The risk of coronavirus transmission from people coming from the United States isn’t limited only to deported Salvadorans. The Trump administration confirmed on March 12 that it plans on sending asylum seekers to El Salvador this very month, under the conditions set by an accord signed in September 2019. “Negotiations are going great, I have no doubt that El Salvador is ready and we’re predicting that the asylum agreement will be online literally any day now,” Mark Morgan told El Faro. 

Four hours before president Bukele announced the national quarantine, BuzzFeed News reported about a secret meeting between Bukele, U.S. Homeland Security Secretary Chad Wolf, and other members of Trump’s government, during which they came up with the final details for the implementation of the asylum agreement. This deal would turn El Salvador into an alternative “safe country” for those who’ve applied to the United States. 

According to Buzzfeed, the process will being this month, and the U.S. government hopes to send about 2000 asylum seekers to El Salvador this year. Between 2014 and 2018, only 73 people applied for asylum in El Salvador, according to statistics from the United Nations. In that same time span, the country only granted asylum to 28 people, according to a response from the ministry of foreign affairs. The office in charge of processing asylum claims is the Commission for the Determination of Refugees (CODER, in Spanish) and, as of October of 2019, had a total of nine employees. If the numbers cited by Buzzfeed are accurate, El Salvador would have to process 15 people a day to reach 2000 for the year.
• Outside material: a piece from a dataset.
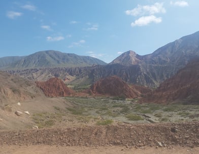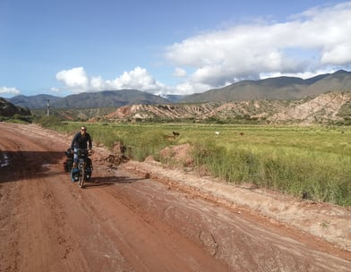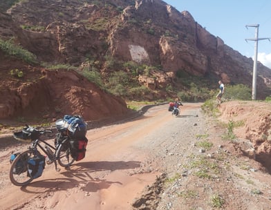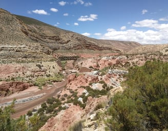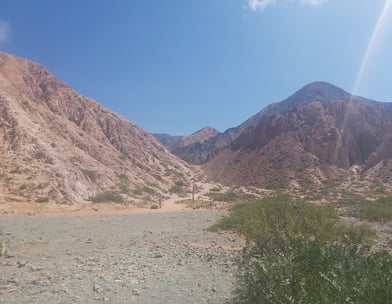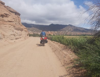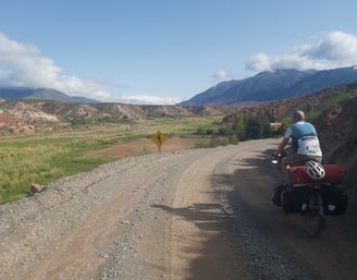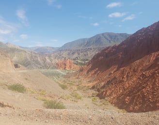 Es war klar, dass die heutige Etappe hart werden würde, auch mit Unterstützung durch Rückenwind. Da wir im Hostal kein Frühstück bekommen, kochen wir Tee und essen die restlichen leckeren Hörnchen aus Purmamarca. Kurz nach acht sind wir unterwegs. Es ist wolkenlos blauer Himmel und saukalt, und ab dem ersten Meter geht es bergauf. Da in der Früh noch kein Wind geht, kurbeln wir schön langsam dahin. Und auch wenn wir schon die ganze Woche in diesem Tal unterwegs sind, müssen wir immer wieder anhalten und Fotos machen, weil uns die bunten Felsen begeistern.
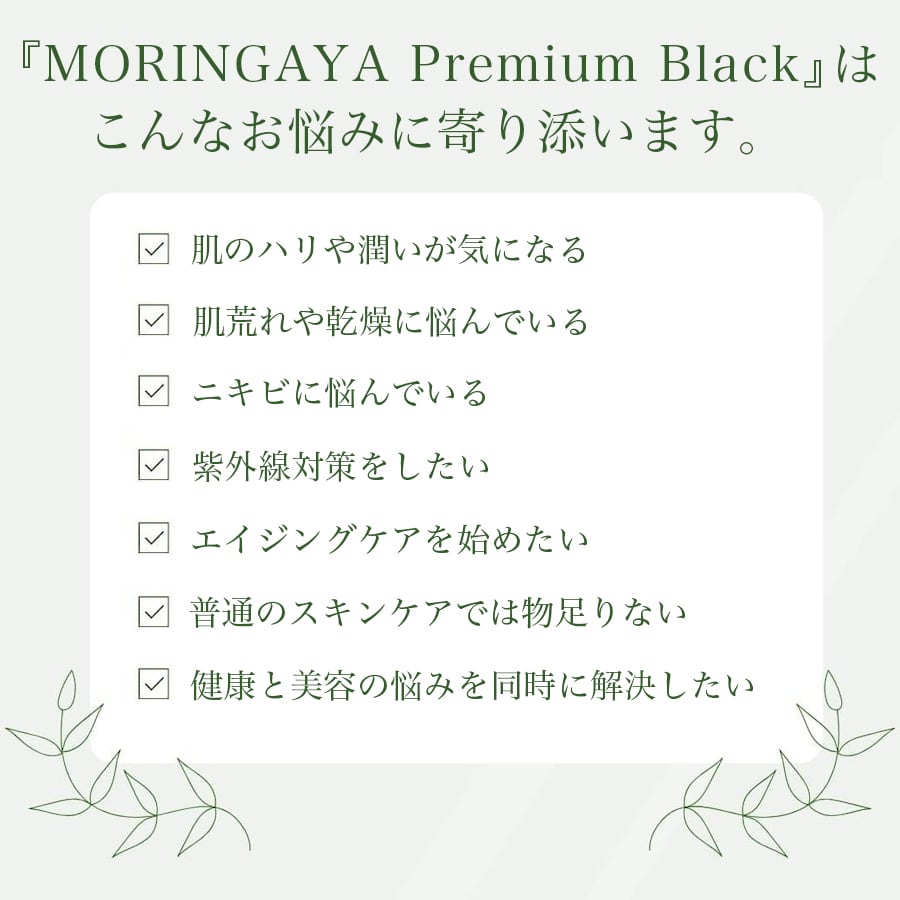 『MORINGAYA Premium Black』は美肌に必要な成分をバランスよく含んでおり、あなたのお肌の美しさをサポートする"飲むエステ"です。お肌の美しさを維持したい方をはじめ、乾燥肌や年齢肌などのお肌のお悩みを抱える方にもおすすめです。

A source in the ministry of foreign affairs told El Faro on March 11 that there have not been significant changes to the office’s capacity.

“We want to make sure that El Salvador is ready, is capable, and is prepared with logistics, with everything that it takes to receive individuals,” Morgan said. “We must do it right… [that] all the plans are set in place so that we can do this in a humane and compassionate way,” he said.

Morgan praised the conditions in El Salvador’s Migrant Attention Center, which he visited this February, the place where deported Salvadorans are received back into the country. It was the first mention that this location would be used as part of the asylum agreement. “I saw firsthand not only were the facilities themselves, I think, ready – they looked good, clean, they had everything that they needed,” he said. He added that the areas designated for children he would like to replicate in the United States. He also praised El Salvador’s immigration officers. “It was really incredible to not only see the facilities that I think are ready and capable, but also to hear from the employees themselves that would be working in these reception centers.”  

Neither the ministry of foreign affairs or the president’s press secretary responded to requests from El Faro about the imminent implementation of the asylum agreement. El Faro also asked if asylum seekers would be exempt from the prohibition of the entry of foreigners to the country, and received no response. 

The mention of the asylum agreement also revived a debate over its legality. ARENA congress member Marcela Villatoro, told El Faro that the foreign ministry promised to send the agreement to congress for ratification. According to Villatoro, member of the foreign relations committee, that promise was made at a February 27 meeting at the foeign ministry. FMLN congress member Gustavo Acosta, also confirmed to El Faro that the executive branch has not made a formal request to congress to ratify the agreement and there are no proceedings under way. The asylum agreement establishes that both countries must determine the legal requirements necessary before implementation. Between November 2019 and this March, the United States has sent around 800 asylum seekers—mostly Hondurans and Salvadorans—to Guatemala, as part of a similar agreement.